ETFだけで日銀が債務超過になる水準を答えるのは適当ではない=日銀総裁
 3月25日、日銀の黒田東彦総裁は、午後の参院予算委員会で、ETF(上場投資信託)だけを取り出して日銀が債務超過になる水準を答えるのは適当ではない、と述べた。写真は昨年10月に日銀本店で会見する同総裁(2019年 ロイター//Issei Kato)
[東京 25日 ロイター] - 日銀の黒田東彦総裁は25日、午後の参院予算委員会で、ETF(上場投資信託)だけを取り出して日銀が債務超過になる水準を答えるのは適当ではない、と述べた。藤巻健史委員(維希)の質問に答えた。
黒田総裁は保有しているETFについて「期末時点で時価が簿価を下回る場合は、引当金を計上する。決算上の期間損益は下押しされる」と述べた。ただ、日銀の損益は、国債の利息収入やETFの分配金の収益などいろいろな要因を組み合わせて全体として決まってくるとし「ETFの要因だけを取り出して、債務超過になる水準を答えるのは適当ではない」とした。
黒田総裁は、量的・質的金融緩和は、バランスシート拡大で収益が押し上げられる一方、出口時には、当座預金に対する付利金利引き上げによって収益が減少しやすいと指摘。ただ、経済・物価情勢が好転して付利金利を引き上げる場合には長期金利も相応に上昇するとし「当座預金に対する支払い利息が増える一方、保有国債はより高い利回りの国債に順次入れ替わるため、受け取り利息は増加する」と述べ「出口時の収益面への影響は、受け取り利息も含めたバランスシート全体で考える必要がある」とした。

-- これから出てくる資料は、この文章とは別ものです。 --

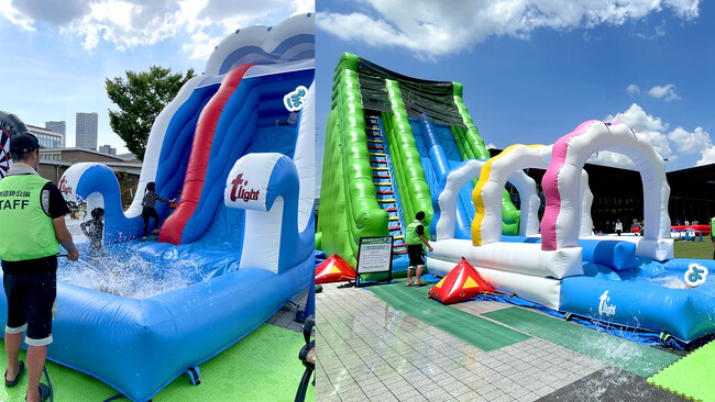 ぽよぽよ楽しいバルーン遊具&じゃぶ~んと爽快な2台のスライダー!

また、15年度から、利息の受け払いで利益が上振れる局面では一部を積み立て、下振れる局面では取り崩すことのできる債券取引損失引当金の拡充を行ったことを説明し、「こうした措置は、出口に向けた収益の振れを平準化して、財務の健全性を確保する観点から一定の効果を持つ。事前の対応としては十分なものと認識している」と述べた。
黒田総裁は、日銀が保有する国債の残存期間は7年強だと述べ、景気が回復し、物価が上がる中での長期金利は「なだらかな形で金利が上がる時には、金利の高い国債に乗り換えていく。付利が引き上げられても、両面をみていかなければならない」と繰り返した。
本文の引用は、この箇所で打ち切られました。